ECtHR-PCR: A Dataset for Precedent Understanding and Prior Case Retrieval in the European Court of Human Rights
T. Y. S. S Santosh, Rashid Gustav Haddad, Matthias Grabmair
TL;DR
The paper introduces ECtHR-PCR, a precedent understanding and prior case retrieval dataset built from European Court of Human Rights judgments, designed to reflect realistic retrieval by separating facts from arguments and using a full candidate pool. It benchmarks lexical (BM25) and dense retrieval models with hierarchical long-text encoders, exploring multiple negative sampling strategies and revealing temporal degradation in dense models alongside robust performance of BM25 over time.
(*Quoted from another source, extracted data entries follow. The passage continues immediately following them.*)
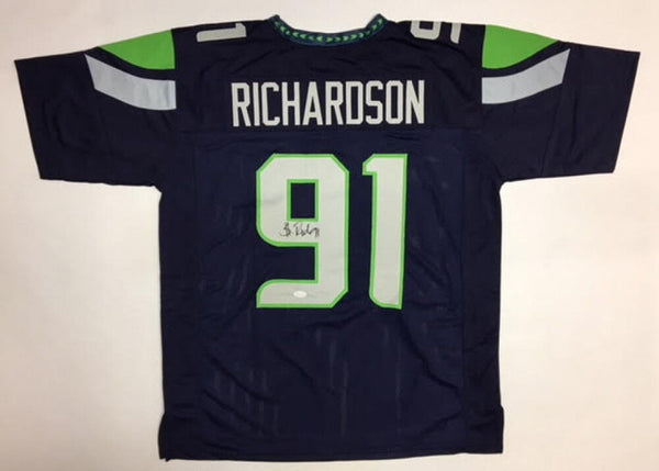 Custom On-field style jersey. Everything sewn on, size XL. Hand-signed in black felt-tip by Sheldon Richardson. The lot / autograph(s) includes an official James Spence Authentication (JSA) hologram and matching COA for authenticity purposes. The signing of this item was witnessed by JSA.Authentication: JSA COA
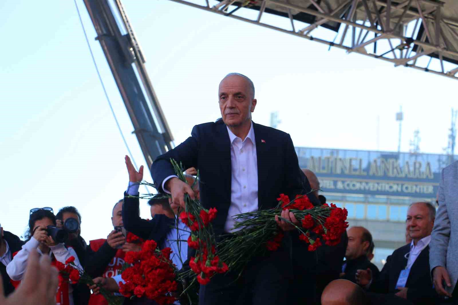 Türk-İş’in tek derdinin geçim olduğunu sözlerine ekleyen Atalay, “Türk-İş, Türk-İş’in üyeleri, Türk-İş kurulduğu günden bugüne kadar bu sloganı hiç terk etmedi. Ailemizle mükellefiz, geçindirmek mecburiyetindeyiz, geçindirmek mecburiyetindeyiz. Öyle bir noktaya geldik ki bu ücretlerle ayı tamamlamayı bırak 15 gün geçinemiyoruz. Bununla ilgili yeni bir yasal düzenlemeye ihtiyaç var. Emeklinin ihtiyacı var, asgari ücretlinin ihtiyacı var. Biz yük değiliz, enflasyonu biz buralara getirmedik” ifadelerini kullandı.
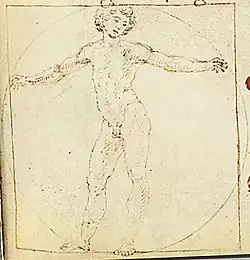 ap(er)te me(m)bra fia il bellicho. Ello spatio chessi truova infralle ga(m)be fia tria(n)golo equilatero” - ↑ Dedesubtul imaginii:„Tanto ap(r)e l'omo nele b(r)accia, qua(n)to ella sua alteza.
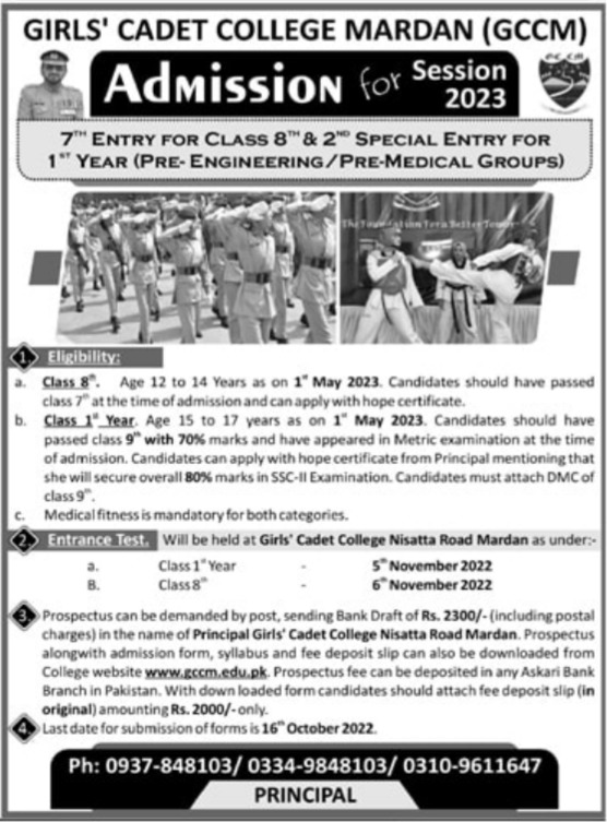 Shaheed Benazir Bhutto Girls Cadet College Class 8th, 9th Class & Intermediate Part I, Fsc Pre Medical, FSc Pre Engineering, ICS Computer Science admissions 2022 has been started. Students who want to take admissions in Shaheed Benazir Bhutto Girls Cadet College Mardan Khyber Pakhtunkhwa KPK Pakistan for academic year 2022 to continue education in Army College can apply. Students who want to enroll for academic session 2022 in Matric, Middle and Intermediate qualification and admission criteria for Government institute can apply till last date 16 October 2022. Read newspaper ad for exact details.
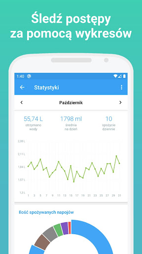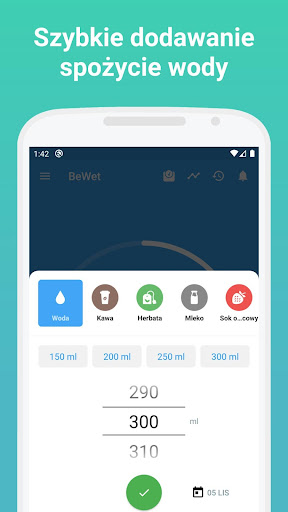 W zależności od pogody i aktywności fizycznej aplikacja dostosowuje ilość wody, którą należy wypić dziennie.
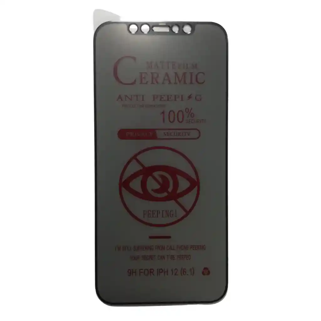 CACHARRERIA2020 EXCELENTE OPCIÓN PROTECCION DEL VISOR FILM IRROMPIBLE Incluye: 1 Protector cerámico no vidrio antiespía full cover compatible con iphone 12 / 12 pro 1 pañitos dos en uno Características : Incluye: 1 protector antiespía full cover 1 juego de pañitos 2 en 1 descripción: Una mezcla indestructible de PMMA y PET. Fuerte elasticidad y estructura anticolisión que mantiene una durabilidad extrema. La superficie tiene una dureza de 9H, tres veces más fuerte que una película protectora de pantalla normal. Recubrimiento OLEOFÓBICO: tiene un recubrimiento OLEOFÓBICO que evita huellas dactilares y otros contaminantes. El protector de pantalla es pegamento total, que tiene un fuerte adhesivo que facilita la instalación y sujeta la película firmemente para no afectar la sensibilidad de la pantalla táctil. Destapar bajo video referenciando número de bolsa y guía en caso de cualquier reclamación, no se aceptan reclamaciones en productos usados por parte de cliente o instalados. celular

It also empirically compares Halsbury's and Goodhart's views on relevancy, finding that relying on the law section (aligned with Halsbury) yields stronger signals than relying on the facts alone. The resource enables future exploration of citation-network–aware retrieval and temporal adaptation to evolving legal standards, with practical implications for scalable, explainable PCR in legal NLP systems.
Abstract
In common law jurisdictions, legal practitioners rely on precedents to construct arguments, in line with the doctrine of \emph{stare decisis}. As the number of cases grow over the years, prior case retrieval (PCR) has garnered significant attention. Besides lacking real-world scale, existing PCR datasets do not simulate a realistic setting, because their queries use complete case documents while only masking references to prior cases. The query is thereby exposed to legal reasoning not yet available when constructing an argument for an undecided case as well as spurious patterns left behind by citation masks, potentially short-circuiting a comprehensive understanding of case facts and legal principles. To address these limitations, we introduce a PCR dataset based on judgements from the European Court of Human Rights (ECtHR), which explicitly separate facts from arguments and exhibit precedential practices, aiding us to develop this PCR dataset to foster systems' comprehensive understanding. We benchmark different lexical and dense retrieval approaches with various negative sampling strategies, adapting them to deal with long text sequences using hierarchical variants. We found that difficulty-based negative sampling strategies were not effective for the PCR task, highlighting the need for investigation into domain-specific difficulty criteria. Furthermore, we observe performance of the dense models degrade with time and calls for further research into temporal adaptation of retrieval models. Additionally, we assess the influence of different views , Halsbury's and Goodhart's, in practice in ECtHR jurisdiction using PCR task.